The thing about mineral discoveries, as we say in the industry, is that it’s generally more a matter of luck rather than scientific prediction. The modern individual explorer has a lot of techniques available to them. While many may not be new, computers have allowed us to improve precision, and provide us with the ability to overlay large and different datasets in order to look deeper for the ever-elusive hidden ore. You could say that discovery is a result of diligent application of every tool available to us, but especially datasets.
It is known that tech giants like Google, Facebook and Amazon reap the fruits of using big data to learn about users’ behavioral patterns. Experts in our field have started experimenting with big data in order to push the boundaries and discover new and profitable areas of mineral deposits. In an effort to learn more about this field, these experts have started applying advanced data science techniques to mineralogy. The Deep Carbon Observatory published a paper in 2017 that discusses how ‘network theory’, usually used to analyse things like a spreading disease, or terrorist networks, can actually be used to identify mineral diversity and distribution across the globe.
What is big data?
Let’s break this down: big data is something that large organisations like Netflix and Amazon use to do a market analysis. The idea behind it is to be able to predict consumer habits; and now mining companies are jumping onboard to do the same. It’s basically taking a mathematical theory that was previously used to identify spending habits of customers, to look for mineral deposits, and even the formation and existence of minerals that science may not have even discovered yet.
Dr. Shaunna Morrison, from the Carnegie Institute of Science, addresses that this practise of using big data is now spreading across the mining industry: “[they] are being implemented across the board by all these huge companies. They’re very powerful statistics.” And, she says, just like the spending habits of consumers re-occur across websites like Amazon, so does the formation of mineral across the Earth, so it makes perfect sense to characterise them similarly.
Data = Power
The way these companies have been using this big data is pretty interesting. Firstly, they’ve formed databases where they’ve put in all the relevant information about evolution data, geographical characteristics, how often mineral re-occurrences have been found in specific areas and their trends, age of the minerals, and lots of other information. From there, a group of experts can then analyse the data to look at similar locations that will have the highest probability of containing a large mineral deposit. This technique also lets the scientists in the industry visualise new and unique patterns of distribution and occurrence of minerals. It’s basically allowing them to form a ‘checklist’, that will help predict where minerals are, where they aren’t, and where to go next.
It’s important to pop this information into a database, because we’re not just dealing with the characteristics of one or two geospatial locations. We could be looking at well over a thousand, which is overwhelming for a human brain to handle and analyse by looking at a spreadsheet. In fact, even the algorithms that are being used can gauge where these deposits might be, but they can’t predict anything about size or quantity. The answer to this problem? Obtaining more data.

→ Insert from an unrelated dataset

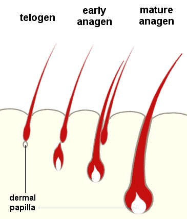 Во время фазы анагена основание волосяного фолликула набухает, как луковица, и начинает формировать волос. Это этап, когда pili multigemini происходит.

Dr. Morrison states that the issue is currently the lack of data available on “the amount of materials on Earth’s surface right now”. An issue leading to that is that the mining industry has a lot of information regarding this, but they’re not willing to part with the knowledge. Dr. Morrison believes that a part of this is the limited understanding that mining companies have of the data they hold. Mining companies dedicate one percent of their IT to big data, compared to five to seven percent for most industries.
Is data more important than people?
All this data doesn’t have much use without the people behind it creatively interpreting and testing it. Case in point; the Goldcorp Challenge in the year 2000. For a total prize money of CAD$105,000, anyone worldwide could form teams to help Goldcorp find more gold at their Red Lake mine. They based this information off of a wealth of proprietary data that Goldcorp was publishing on public domain for free for the sake of the competition. If nothing came out of it, Goldcorp had just released a veritable treasure trove of data, in the hopes of finding something against the odds. But luckily, that wasn’t the case.

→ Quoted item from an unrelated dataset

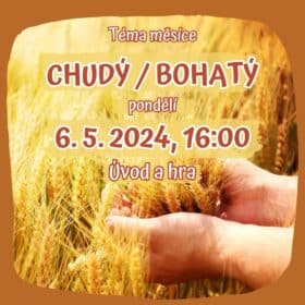 Tématem měsíce května v NZDM Klubu Zvonice Český Brod je CHUDÝ / BOHATÝ. V prvním workshopu si řekneme pár slovem úvodem, vysvětlíme si několik pojmů a zahrajeme si tematickou hru. Akce proběhne v pondělí 6. května 2024 od 16.00 do 18.00 hodin.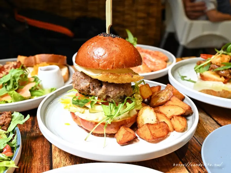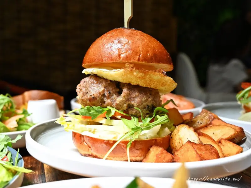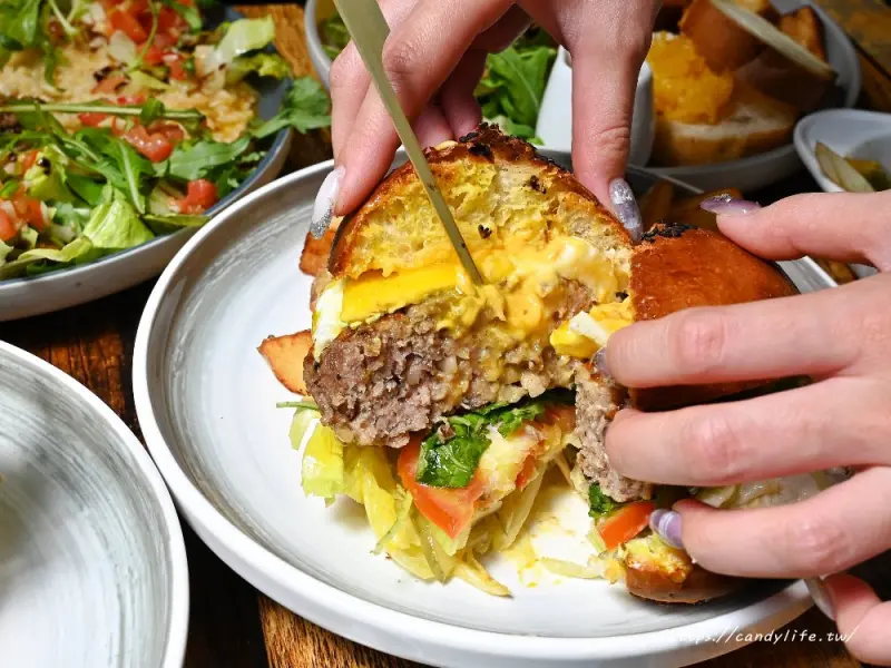 堆高高看起來超氣派的美式漢堡也是人氣招牌,採用牛背肩、牛胸腹製成絞肉,加上蒜頭、洋蔥、花椒油打成的漢堡肉,足足有200g,且牛肉排的熟度是可以調整的

There was a winning formula in the challenge – the fact that the competition was open to anyone, meant that the people who applied were incredibly diverse in their education, work and cultural backgrounds. While there were geologists scattered throughout the competition, it was a blend of people that allowed creativity in interpreting the data provided. Of the top five entries, four were drilled. All four struck gold. And that’s not all – of the 110 sites that were identified in the course of the competition, 50 per cent of them were unknown to the company, and 80 per cent yielded significant gold reserves, exceeding $6 billion in value. Rob McEwen, Founder and former Chairman and CEO of Goldcorp at the time, estimated that just by holding the competition, they’d managed to shave of up to three years of the company’s exploration time.